Art Cluster Students Explore Op Art

By: Catie Anderson, curator of education on January 9th, 2019

The Wausau School District’s Art Cluster Program provides a multi-day art enrichment experience for fourth and fifth-grade students with a keen interest in the visual arts. The students begin the program with a visit to the Woodson Art Museum where volunteer docents offer a guided visit through the galleries and educators introduce students to a hands-on art project inspired by artwork on view. This year’s 160 Art Cluster students experienced Victor Vasarely: Op Art Master.

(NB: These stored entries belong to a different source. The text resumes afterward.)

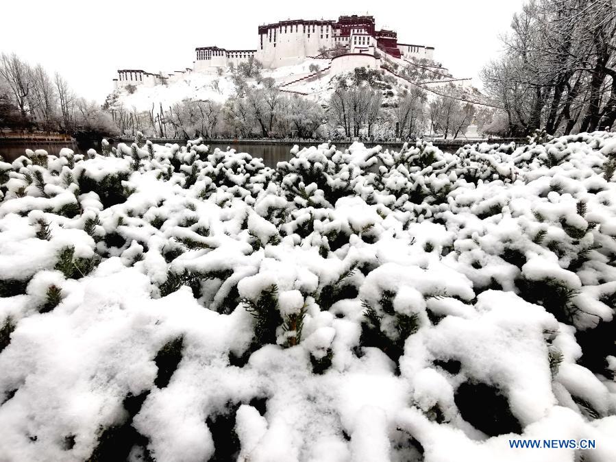 Photo taken on March 14, 2021 shows the snow scenery near the Potala Palace in Lhasa, capital of southwest China's Tibet Autonomous Region. (Xinhua/Chogo)
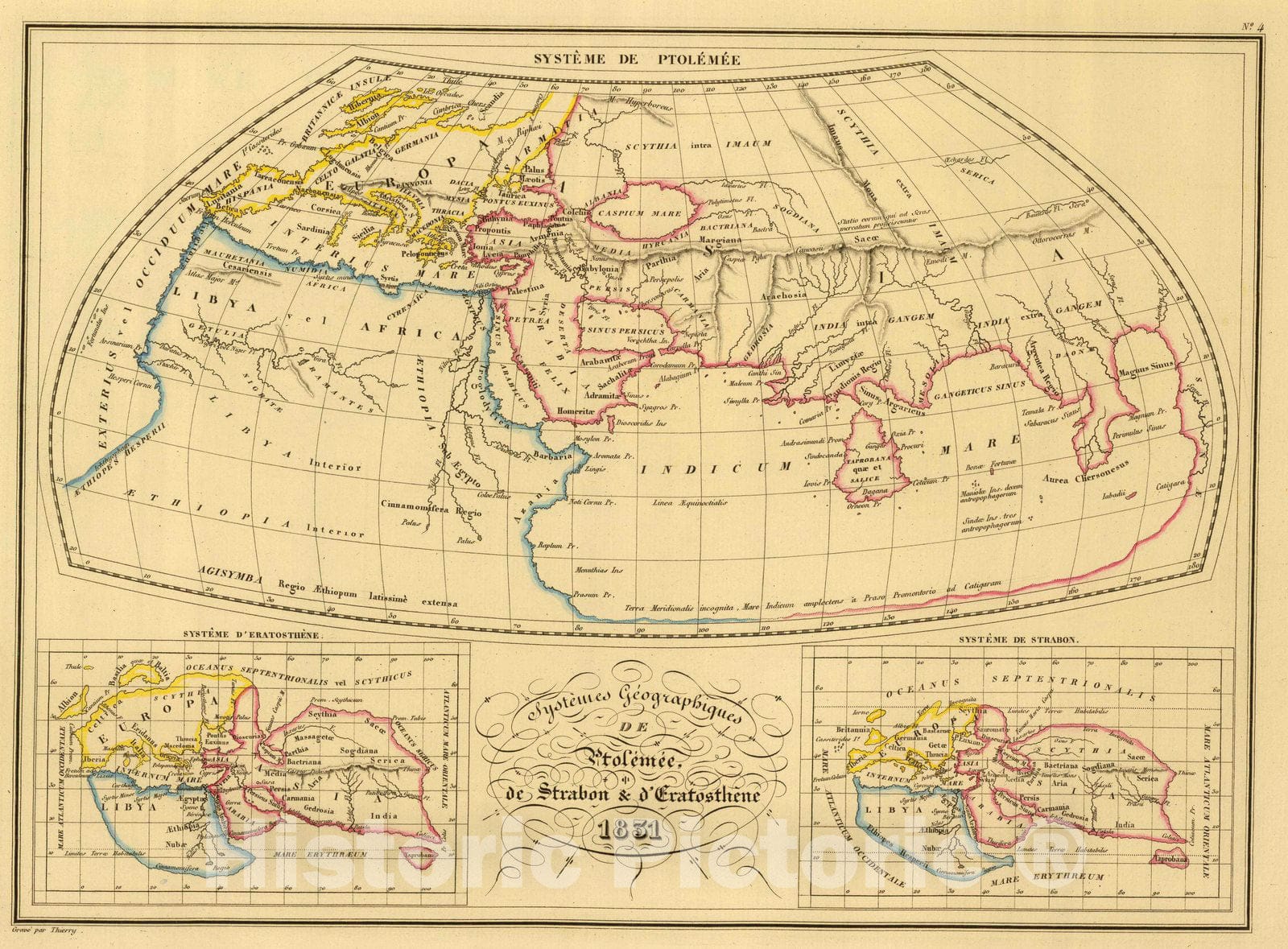 • .Historic Map : India; Turkey, Mediterranean 1837 Geographiques de Ptolemee, de Strabon & d'Eratosthene. , Vintage Wall Art
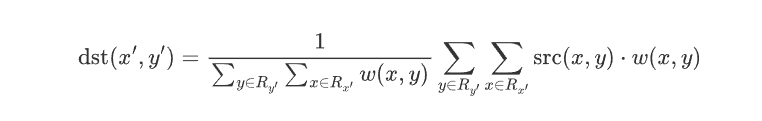 \text{dst}(x’, y’) = \frac{1}{\sum_{y \in R_{y’}} \sum_{x \in R_{x’}} w(x, y)} \sum_{y \in R_{y’}} \sum_{x \in R_{x’}} \text{src}(x, y) \cdot w(x, y)

Exhibition galleries are filled with bright colors and complex, graphic patterns comprising familiar geometric shapes. Vasarely utilized circles, squares, rhomboids, and ellipses to devise a varied and optically engaging range of artwork, believing these shapes served as building blocks in a universal visual alphabet. Vasarely’s elemental visual vocabulary reflects the artist’s beliefs that art should be accessible to all. To capture the spirit of Vasarely’s egalitarian art philosophy and unlock the creative potential of geometric shapes, students laidout patterns of felt circles and squares on boards in the galleries. This simple, interactive exercise connects essential elements of composition and color theory to the artwork on view, inviting students to observe how a color’s proximity to other hues can alter our perception of its intensity.

 

 

The lively, interactive nature of Op Art presents opportunities to explore classic optical illusions, like the Ames Room, replicated as a model for docents to share with students, illustrating how our perceptions of space and scale can be altered.

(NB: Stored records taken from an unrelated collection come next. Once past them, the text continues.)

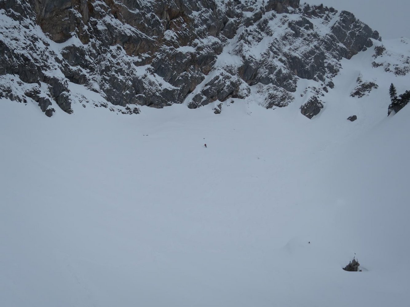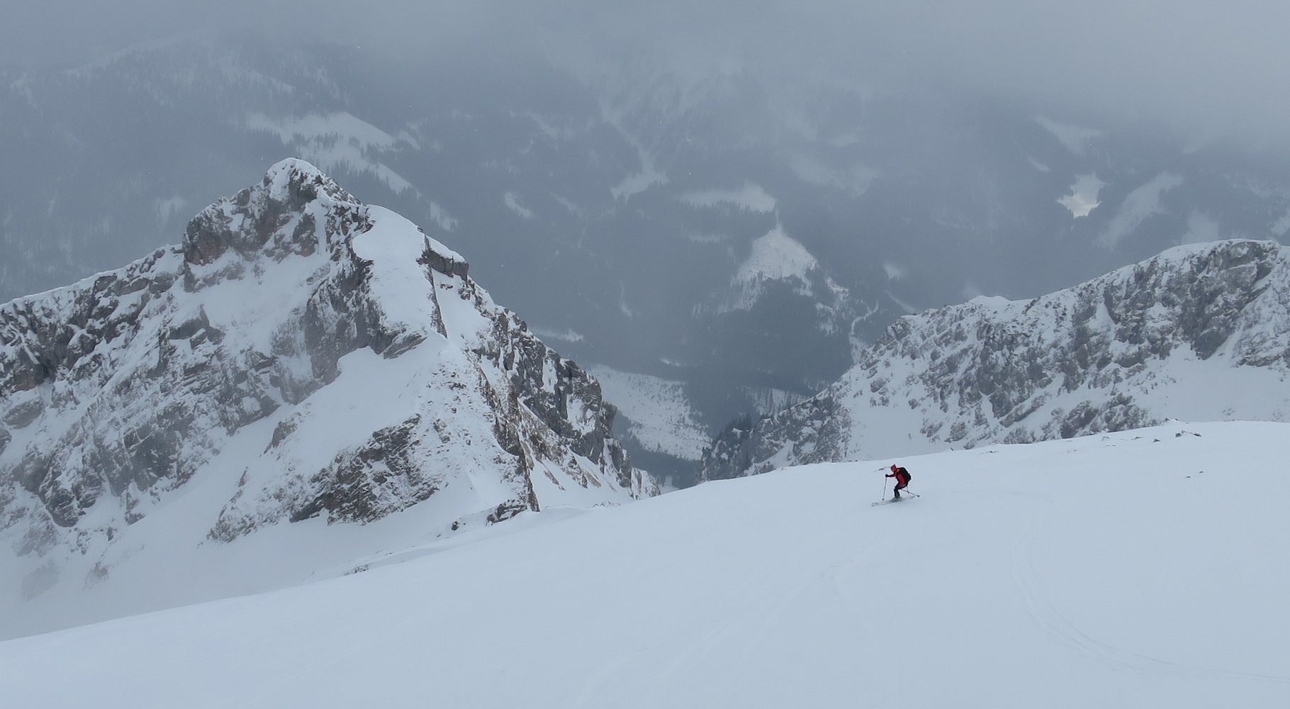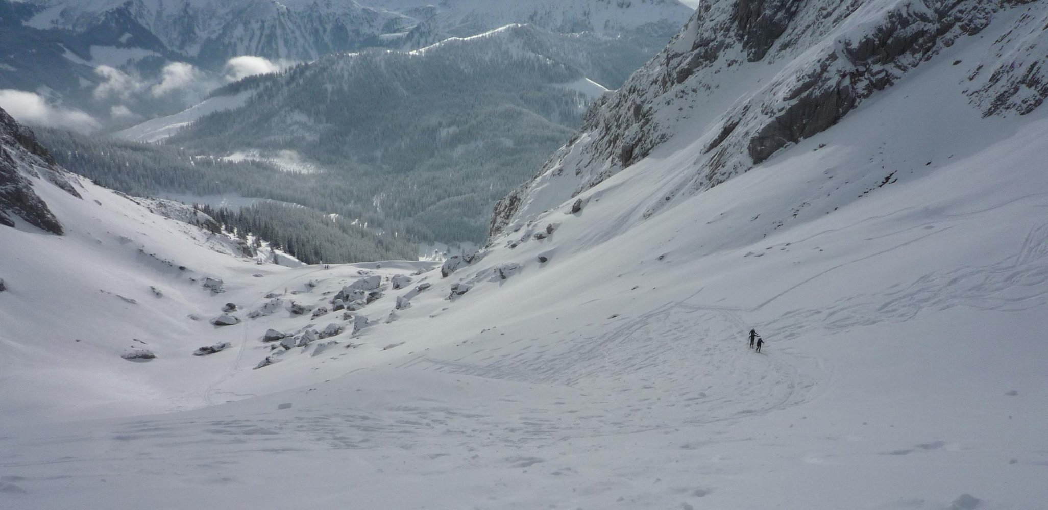Bei schlechter Sicht im Gipfelbereich ist die Einfahrt ins Gsuchkar nicht zu empfehlen, da es vom Gipfel zwischen Felsstufen steil hinunter geht!
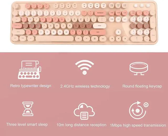 Keyboard and Mouse Combo, Colorful Round Key Typewriter Keyboard with Number Pad, 104 Keys Ergonomic Kawaii Keyboard for Home Office Work Gaming(Sweet Milk Tea Color Mixed
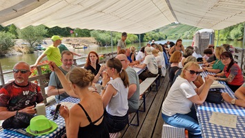 Besuch der Abtei Münsterschwarznach, Weinkellerbesichtigung in Sommerach, Floßfahrt auf dem Main.
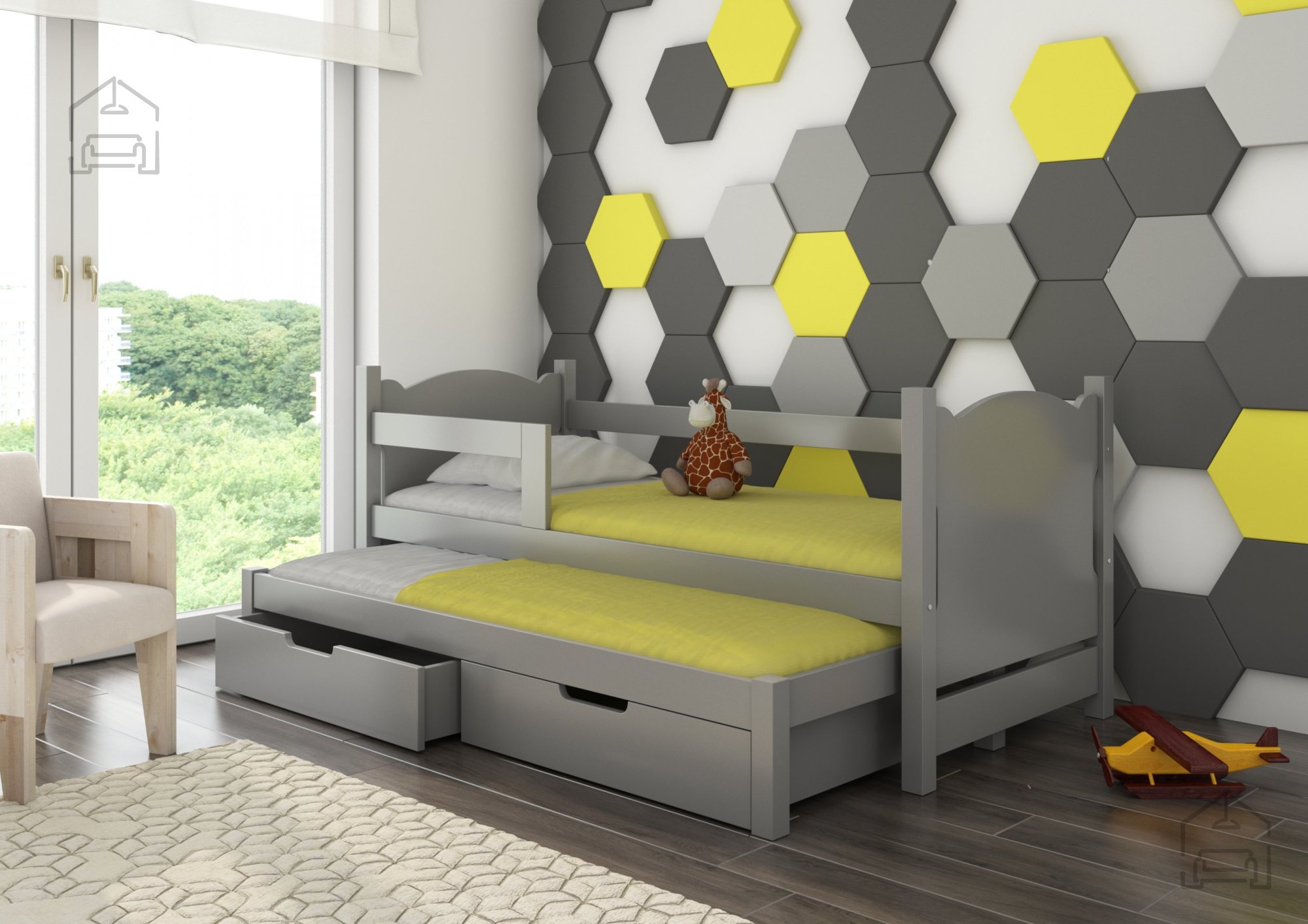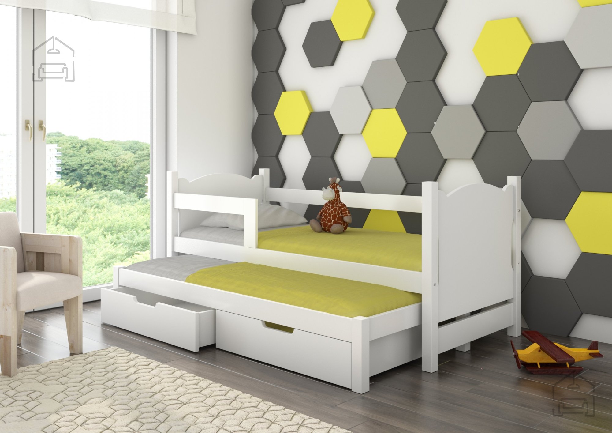 Wenn Sie ein Kinderbett mit zusätzlicher Liegefläche suchen, das Praktikabilität, Komfort und ansprechendes Design vereint, ist dieses Modell genau das Richtige. In einem Möbelstück erhalten Sie ein stilvolles Bett, eine Gästeliege und geräumige Schubladen zur Aufbewahrung. Durch die neutralen Farben lässt es sich problemlos in jedes bestehende Kinderzimmer integrieren. So sparen Sie Platz, schaffen eine gemütliche Schlafumgebung und ein harmonisches, aufgeräumtes Zimmer für Ihr Kind.

With students’ time in the galleries limited to half an hour, the Art Cluster experience needed to be fun and high impact – think 3-D glasses – leaving students with a memorable introduction to the artwork of Victor Vasarely.

 

 

 

Hands-on art making in the Museum’s classroom included a flurry of activity as students used colorful cardstock and strips of paper to create striped patterns for their Op Art-inspired artworks. Students traced onto a sheet of striped paper stencils of animals and geometric shapes, which were then cut out and overlaid onto a second, making sure the shape stripes alternated with the background-color stripes. This project reflects Vasarely’s use of stripes in alternating colors to depict shapes without the use of contour lines, as seen in his serigraph Zébres.

 

Victor Vasarely, Zébres, 1965, serigraph, from the collection of Herakleidon Museum, Athens, Greece

We’re confident students left the Woodson Art Museum inspired for their continued Art Cluster art making. See the creative responses to Vasarely’s artworks at the Marathon County Public Library, Saturday, March 2 through Wednesday, March 20.